Скажу сразу: книга В. Литвинова заняла в этой стране свое собственное особое место. Заняла потому, что сочетает глубину знания со свежестью изложения и артистизмом.

Критика – одна из форм литературного творчества, и работа В. Литвинова подтверждает это. Речь сейчас идет не только о том, что автор верно понял и оценил масштаб явления, называемого «Михаил Шолохов». Важнее, пожалуй, другое – привлекает корректность, с которой исследуется биография прозаика. В. Литвинов касается лишь тех ее аспектов, которые отразились в произведениях М. Шолохова. Детально прослеживает автор этапы развития дарования писателя – от первых рассказов до всемирно прославленных эпопей.

Опираясь на собственные наблюдения и исследования других авторов, то соглашаясь с ними, то споря, В. Литвинов показывает, что «обычное», едва ли не ставшее прописной истиной деление творчества прозаика на мотивы отрицания и созидания – наивно и элементарно. Не арифметика, а высшая из высших математик нужна для серьезного разговора о великом писателе. Он требует от исследователей умения – и сам этим умением обладает – рассматривать творчество М. Шолохова как некий клокочущий единый поток.

Отсюда требование «синкретического подхода», отсюда широта взгляда критика.
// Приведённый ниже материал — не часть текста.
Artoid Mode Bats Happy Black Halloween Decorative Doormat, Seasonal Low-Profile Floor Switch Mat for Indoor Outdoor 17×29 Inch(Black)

Способность увидеть общее, главное для всех книг М. Шолохова не мешает В. Литвинову показать своеобразие каждой в ее художественно-эстетическом и социальном аспектах.
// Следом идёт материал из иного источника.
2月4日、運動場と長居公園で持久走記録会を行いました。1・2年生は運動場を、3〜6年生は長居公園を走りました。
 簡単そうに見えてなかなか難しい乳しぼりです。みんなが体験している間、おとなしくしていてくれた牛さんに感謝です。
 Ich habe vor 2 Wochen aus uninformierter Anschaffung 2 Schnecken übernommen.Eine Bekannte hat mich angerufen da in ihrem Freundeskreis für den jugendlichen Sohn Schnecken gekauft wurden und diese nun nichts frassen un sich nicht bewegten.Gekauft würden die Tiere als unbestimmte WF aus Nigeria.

В своей работе автор стремится широко использовать весь арсенал средств: то, вдаваясь в скрупулезный анализ, он доискивается мельчайших подробностей; то дает описание лишь в общих чертах; то, тонкими штрихами намечая мысль, создает объемный, разносторонний портрет писателя.

Новаторство М. Шолохова, его связь с традициями русской классической прозы и то новое, что он внес в нее, – одна из основных тем этой книги, непреложная черта исследования.
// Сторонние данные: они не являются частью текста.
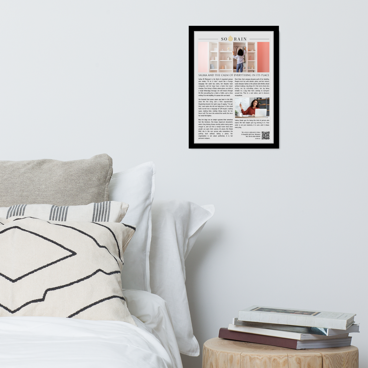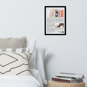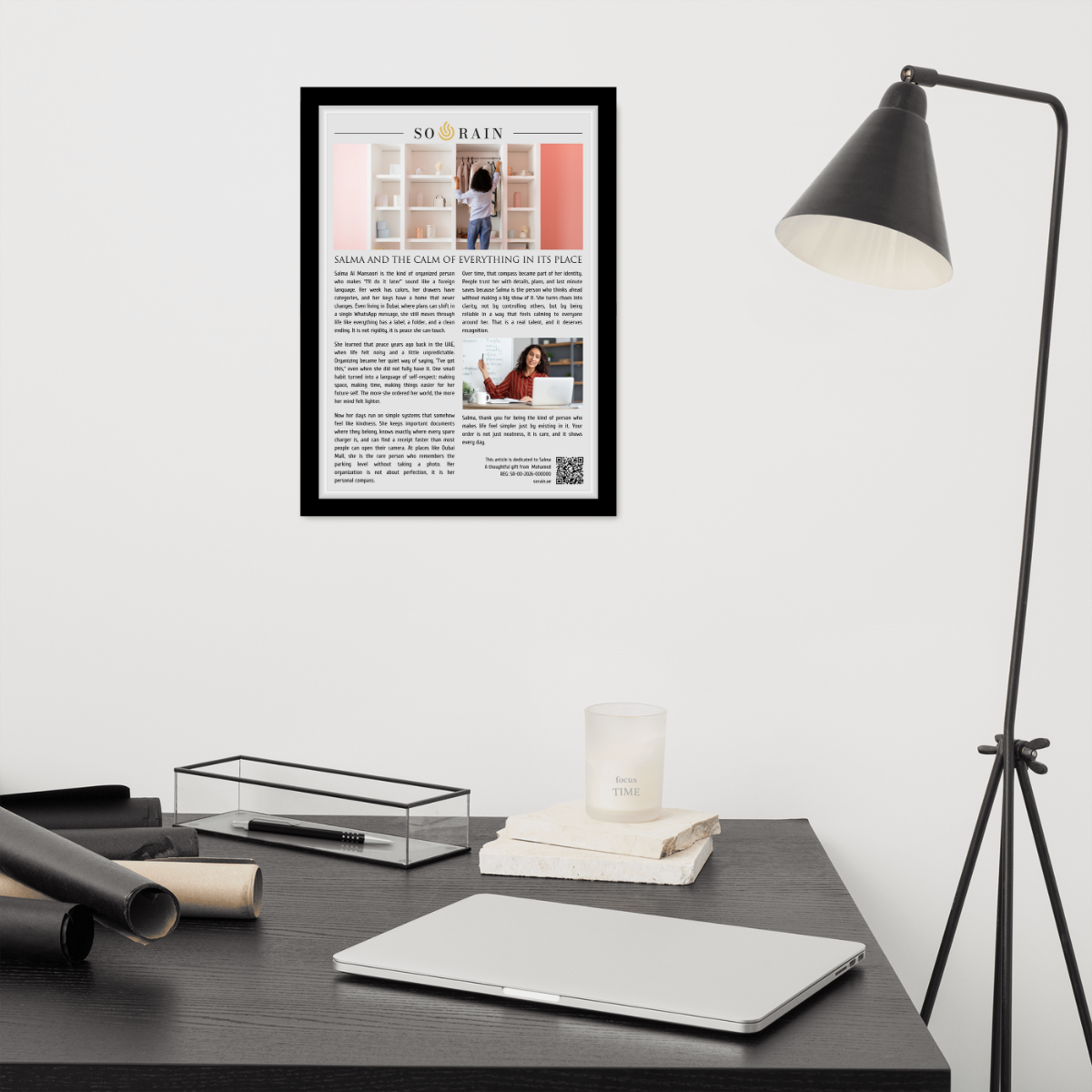 Each piece is professionally printed in A3 format and delivered fully framed. The frame is made of black wood and includes a protective transparent cover to preserve the article over time. The print is produced on matte photographic paper, chosen to enhance readability, texture, and visual depth. All articles are printed in full color to reflect the editorial character and emotional intention of each piece.

И отнюдь не как публицистические строки, а как найденная теоретическая формула звучит положение о правде, несомой писателем: «Правда – она ведь тоже может представать в самых разных своих обличьях: бывает правда ликующая, победная, бывает неброская правда тягучей повседневности, есть та, что добывают все вместе, есть очень субъективная, для себя добытая… Шолоховская правда неизменно обращена к наиболее трудным, кризисным моментам в жизни человека и его народа – когда надо выжить, выстоять в неимоверно трудных обстоятельствах. У этой правды цвет пронзительно-алый – цвет пламени, цвет крови» (стр. 31).

Есть у В. Литвинова и то, о чем, к сожалению, мы часто забываем, говоря о работах критиков, – есть высокий профессионализм, а следовательно, умение точно поставить задачу работы и так же точно решить ее; и даже то, что кажется на первый взгляд отходом в сторону – своего рода «лирические отступления», – даже они в результате оказываются необходимыми, поскольку очень точно вписывают художника в эпоху.

О чем литературоведческие или критические книги, мы обычно говорим весьма охотно и убедительно. И очень редко – о том, как они «сделаны». Книга В. Литвинова принадлежит к работам, написанным продуманно, эмоционально и точно (я неоднократно повторяю это определение, но другого и не нужно искать). Общая экспозиция сменяется тезисом о том комплексе фактов, мыслей, чувств, который несет писатель. Далее – о «Тихом Доне», о душе народной, о Григории Мелехове как о человеке из народа. Далее – исторические и социальные истоки его трагедии, переход к «эпилогу»»Тихого Дона» – к «Поднятой целине», к образу Семена Давыдова, к «морали коллективистов» (так и называется особая глава) и книгам М. Шолохова о Великой Отечественной, названным «летописью народной». Критик очень точно подводит нас к выводам, к итоговым положениям, к тем словам М. Шолохова, которые вынесены в эпиграф работы: «Я хотел бы, чтобы мои книги помогали людям стать лучше, стать чище душой, пробуждали любовь к человеку, стремление активно бороться за идеалы гуманизма и прогресса человечества» (стр. 350).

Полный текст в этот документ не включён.